■ EXERCISE: For every record, give an exact copy that has no pictures in it.

EXERCISE INPUT section start

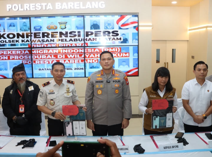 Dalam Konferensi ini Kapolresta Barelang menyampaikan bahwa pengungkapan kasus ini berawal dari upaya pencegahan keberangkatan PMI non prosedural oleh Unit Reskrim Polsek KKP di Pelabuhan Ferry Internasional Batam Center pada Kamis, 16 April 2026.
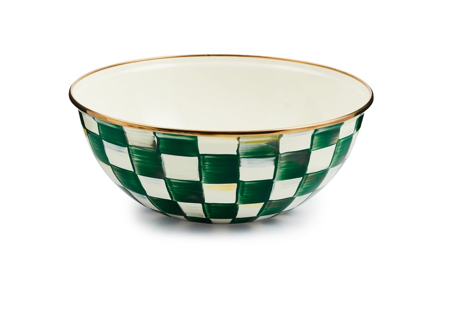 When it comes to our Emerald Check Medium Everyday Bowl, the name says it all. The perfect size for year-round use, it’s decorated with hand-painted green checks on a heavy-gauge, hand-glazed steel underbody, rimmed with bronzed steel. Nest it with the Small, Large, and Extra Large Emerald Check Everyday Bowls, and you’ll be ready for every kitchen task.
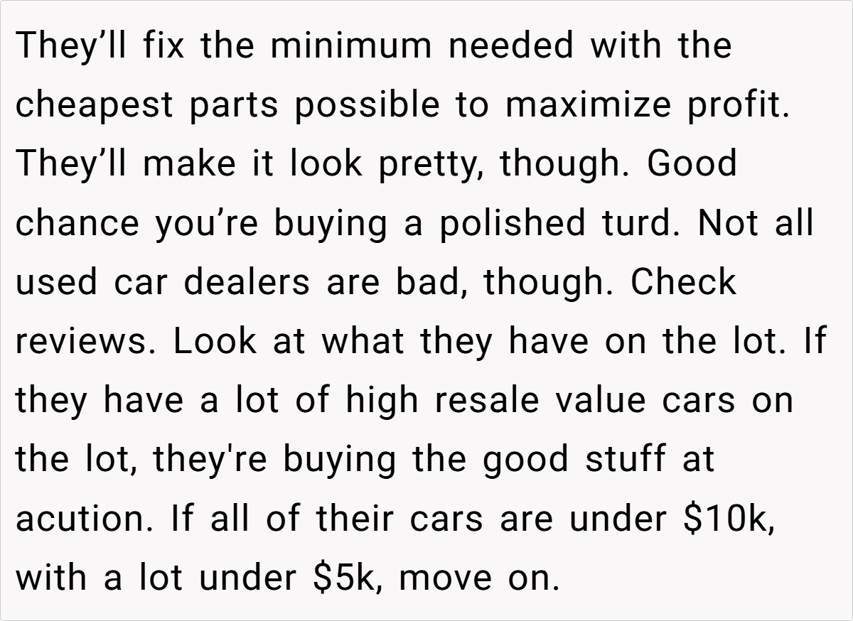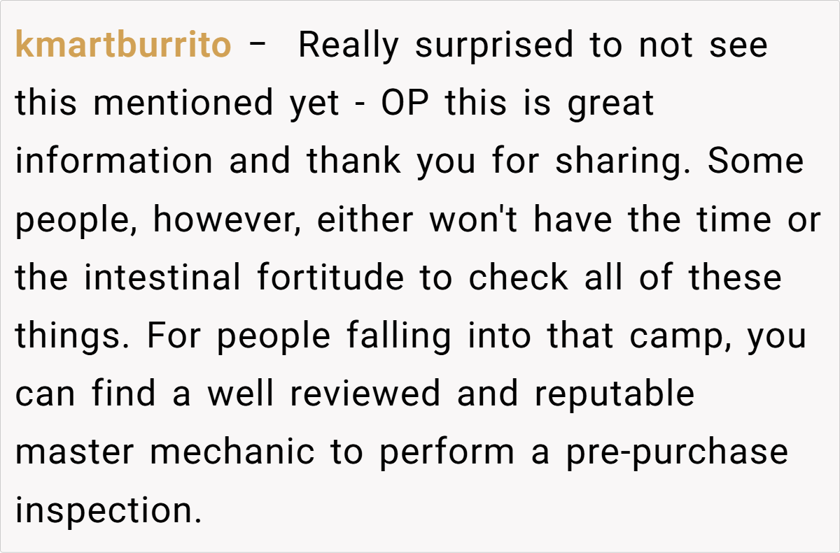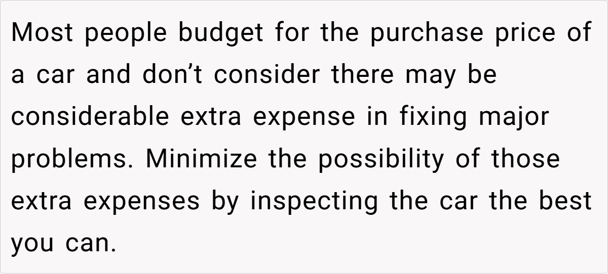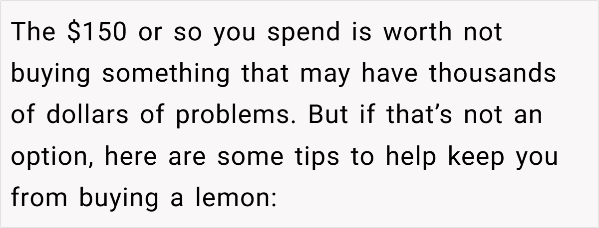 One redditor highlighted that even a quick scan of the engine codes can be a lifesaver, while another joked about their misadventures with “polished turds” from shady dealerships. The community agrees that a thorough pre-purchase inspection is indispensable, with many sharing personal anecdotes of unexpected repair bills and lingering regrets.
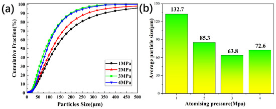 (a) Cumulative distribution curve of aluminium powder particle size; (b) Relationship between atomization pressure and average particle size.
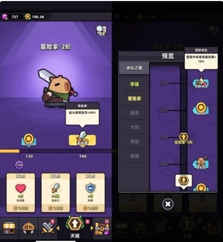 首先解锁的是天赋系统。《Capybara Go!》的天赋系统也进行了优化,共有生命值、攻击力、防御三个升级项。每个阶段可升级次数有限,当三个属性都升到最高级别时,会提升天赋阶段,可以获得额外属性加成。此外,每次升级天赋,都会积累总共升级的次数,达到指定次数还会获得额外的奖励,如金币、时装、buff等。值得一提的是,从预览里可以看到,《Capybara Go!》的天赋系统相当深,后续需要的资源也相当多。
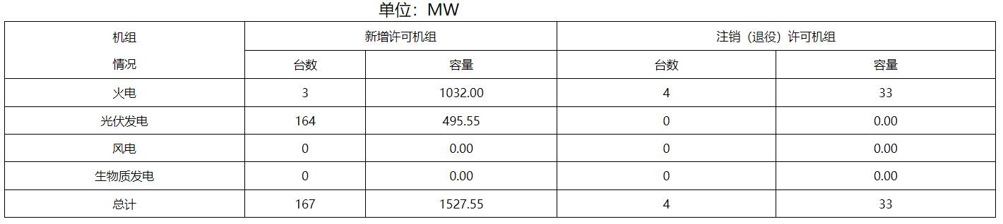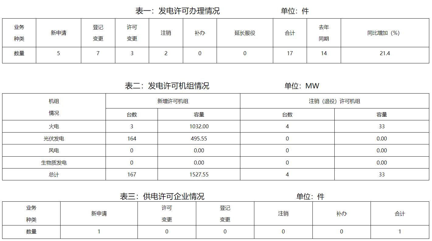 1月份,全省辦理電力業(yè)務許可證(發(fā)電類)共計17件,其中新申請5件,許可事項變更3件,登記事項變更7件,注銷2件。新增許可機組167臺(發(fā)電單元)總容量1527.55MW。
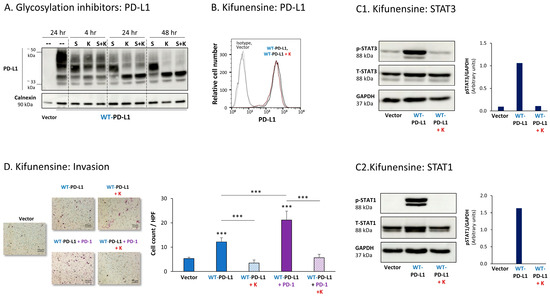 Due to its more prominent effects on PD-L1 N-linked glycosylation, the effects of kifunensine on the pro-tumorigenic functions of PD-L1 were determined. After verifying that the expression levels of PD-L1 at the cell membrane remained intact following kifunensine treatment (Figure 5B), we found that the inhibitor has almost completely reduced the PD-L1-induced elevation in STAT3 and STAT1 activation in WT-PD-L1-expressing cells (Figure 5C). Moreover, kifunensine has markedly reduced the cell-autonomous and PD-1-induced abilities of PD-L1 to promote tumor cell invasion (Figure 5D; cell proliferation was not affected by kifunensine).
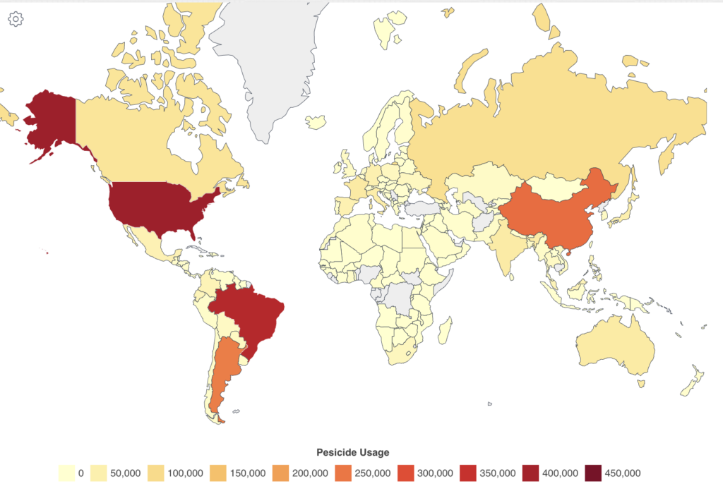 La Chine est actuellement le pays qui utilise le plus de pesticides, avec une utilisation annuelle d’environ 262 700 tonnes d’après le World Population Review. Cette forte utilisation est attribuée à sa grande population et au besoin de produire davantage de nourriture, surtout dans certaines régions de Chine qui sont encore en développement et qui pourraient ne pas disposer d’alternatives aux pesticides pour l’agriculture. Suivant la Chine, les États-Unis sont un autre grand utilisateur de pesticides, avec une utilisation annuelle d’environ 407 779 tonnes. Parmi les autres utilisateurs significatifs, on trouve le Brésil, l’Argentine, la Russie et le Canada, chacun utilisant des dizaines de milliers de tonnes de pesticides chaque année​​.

EXERCISE INPUT section end

■ ANSWER FOR THE TASK:
 Dalam Konferensi ini Kapolresta Barelang menyampaikan bahwa pengungkapan kasus ini berawal dari upaya pencegahan keberangkatan PMI non prosedural oleh Unit Reskrim Polsek KKP di Pelabuhan Ferry Internasional Batam Center pada Kamis, 16 April 2026.
 When it comes to our Emerald Check Medium Everyday Bowl, the name says it all. The perfect size for year-round use, it’s decorated with hand-painted green checks on a heavy-gauge, hand-glazed steel underbody, rimmed with bronzed steel. Nest it with the Small, Large, and Extra Large Emerald Check Everyday Bowls, and you’ll be ready for every kitchen task.
 One redditor highlighted that even a quick scan of the engine codes can be a lifesaver, while another joked about their misadventures with “polished turds” from shady dealerships. The community agrees that a thorough pre-purchase inspection is indispensable, with many sharing personal anecdotes of unexpected repair bills and lingering regrets.
 (a) Cumulative distribution curve of aluminium powder particle size; (b) Relationship between atomization pressure and average particle size.
 首先解锁的是天赋系统。《Capybara Go!》的天赋系统也进行了优化,共有生命值、攻击力、防御三个升级项。每个阶段可升级次数有限,当三个属性都升到最高级别时,会提升天赋阶段,可以获得额外属性加成。此外,每次升级天赋,都会积累总共升级的次数,达到指定次数还会获得额外的奖励,如金币、时装、buff等。值得一提的是,从预览里可以看到,《Capybara Go!》的天赋系统相当深,后续需要的资源也相当多。
 1月份,全省辦理電力業(yè)務許可證(發(fā)電類)共計17件,其中新申請5件,許可事項變更3件,登記事項變更7件,注銷2件。新增許可機組167臺(發(fā)電單元)總容量1527.55MW。
 Due to its more prominent effects on PD-L1 N-linked glycosylation, the effects of kifunensine on the pro-tumorigenic functions of PD-L1 were determined. After verifying that the expression levels of PD-L1 at the cell membrane remained intact following kifunensine treatment (Figure 5B), we found that the inhibitor has almost completely reduced the PD-L1-induced elevation in STAT3 and STAT1 activation in WT-PD-L1-expressing cells (Figure 5C). Moreover, kifunensine has markedly reduced the cell-autonomous and PD-1-induced abilities of PD-L1 to promote tumor cell invasion (Figure 5D; cell proliferation was not affected by kifunensine).
 La Chine est actuellement le pays qui utilise le plus de pesticides, avec une utilisation annuelle d’environ 262 700 tonnes d’après le World Population Review. Cette forte utilisation est attribuée à sa grande population et au besoin de produire davantage de nourriture, surtout dans certaines régions de Chine qui sont encore en développement et qui pourraient ne pas disposer d’alternatives aux pesticides pour l’agriculture. Suivant la Chine, les États-Unis sont un autre grand utilisateur de pesticides, avec une utilisation annuelle d’environ 407 779 tonnes. Parmi les autres utilisateurs significatifs, on trouve le Brésil, l’Argentine, la Russie et le Canada, chacun utilisant des dizaines de milliers de tonnes de pesticides chaque année​​.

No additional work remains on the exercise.